We can speed up that purge, by using a dish with a large surface area, relative to the depth of the pool of oil. Usually small extractions, so as to keep the depth thin, are the easiest to purge.
Air movement over the surface speeds up evaporation, by whisking away the saturated boundary layer and providing the extra energy for the molecules of butane to escape the surface of the oil. Care must be exercised here, as any dust or lint in the air will end up in the oil, so usually a cheese cloth or similar porous cover is placed over it, before blowing over the top with a fan.
We can also speed it up with the application of heat. Any heat will speed up the evaporation, and one line of thought is to keep the heat low and around 60C/140F, using a hot pad after the hot water bath. A typical purge might take an hour and provides maximum terpene retention.
When adding bottom heat, you can also add a loose fitting lid, which will speed up the purging and keep out lint and dust.
For a faster purge, the temperature can be raised to above the melting point of the cannabis essential oils, or around 82C/180F, to give the butane molecules maximum mobility.
Instead of heat, vacuum may be applied to speed up the purge process. That is the process that we use when we wish to maintain the cannabinoids in their carboxcylic acid forms.

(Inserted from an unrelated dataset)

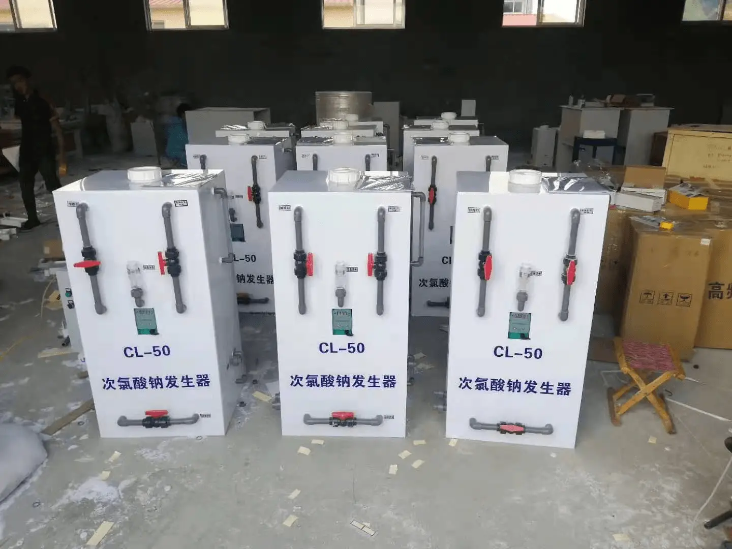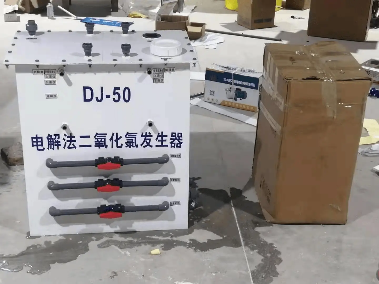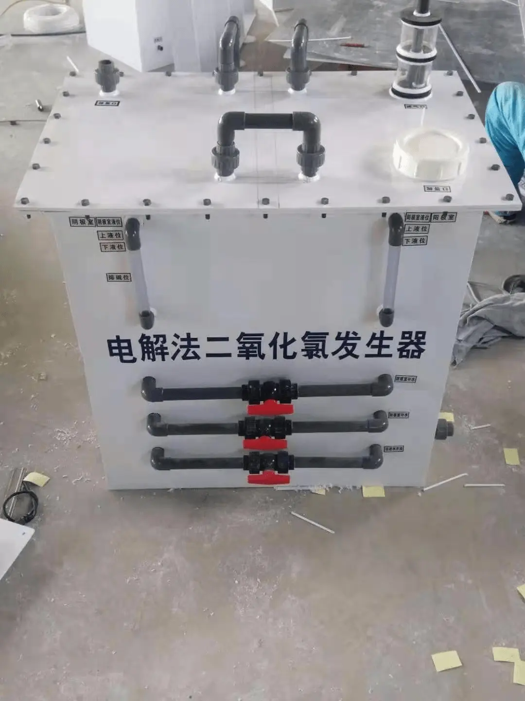 二氧化氯发生器工作原理由计量泵或滴定阀将氯酸钠水溶液与盐酸溶液输入到反应器中,在一定温度和负压下进行充分反应,产出以二氧化氯为主,经水射器吸收与水充分混合后形成消毒液后,通入被消毒水中。

In thin film vacuum purging, we place about an 3/16″ of the oil in a 6″ Pyrex Petri dish, and place that in a vacuum chamber, which also contains a hot plate. That allows us to manipulate both the temperature and atmospheric pressure, so that we can achieve boiling at very low, or even ambient temperatures.
While we use 180F to vacuum purge a raw oleoresin, adding heat isn’t necessary when thin film vacuum purging raw oleoresins redissolved in ethanol. The alcohol will boil away under 28.5″Hg at ambient temperatures, as will the water that is left behind, even without adding any heat.
Vacuum ovens are the most popular way to purge anything more than a few grams of personal stash. This is a subject in and of itself and is covered in depth on our Purging in a Vacuum Oven page.
For our oral and topical meds, we exclusively used the bain marie collection vessel, and simply wiped the water off the outside, following the hot water purge, and set it in an electric fondue pot full of hot 121C/250F Canola oil.
The residual butane will boil off first, exiting in larger, multi sized bubbles, followed by the smaller equally sized CO2 bubbles from decarboxylation.
Depending on the use, we remove it from the hot oil when the bubble activity suddenly slacks dramatically off, indicating the 70% peak of the decarboxylation curve, or when it becomes quiescent, if we are looking for maximum sedative effect.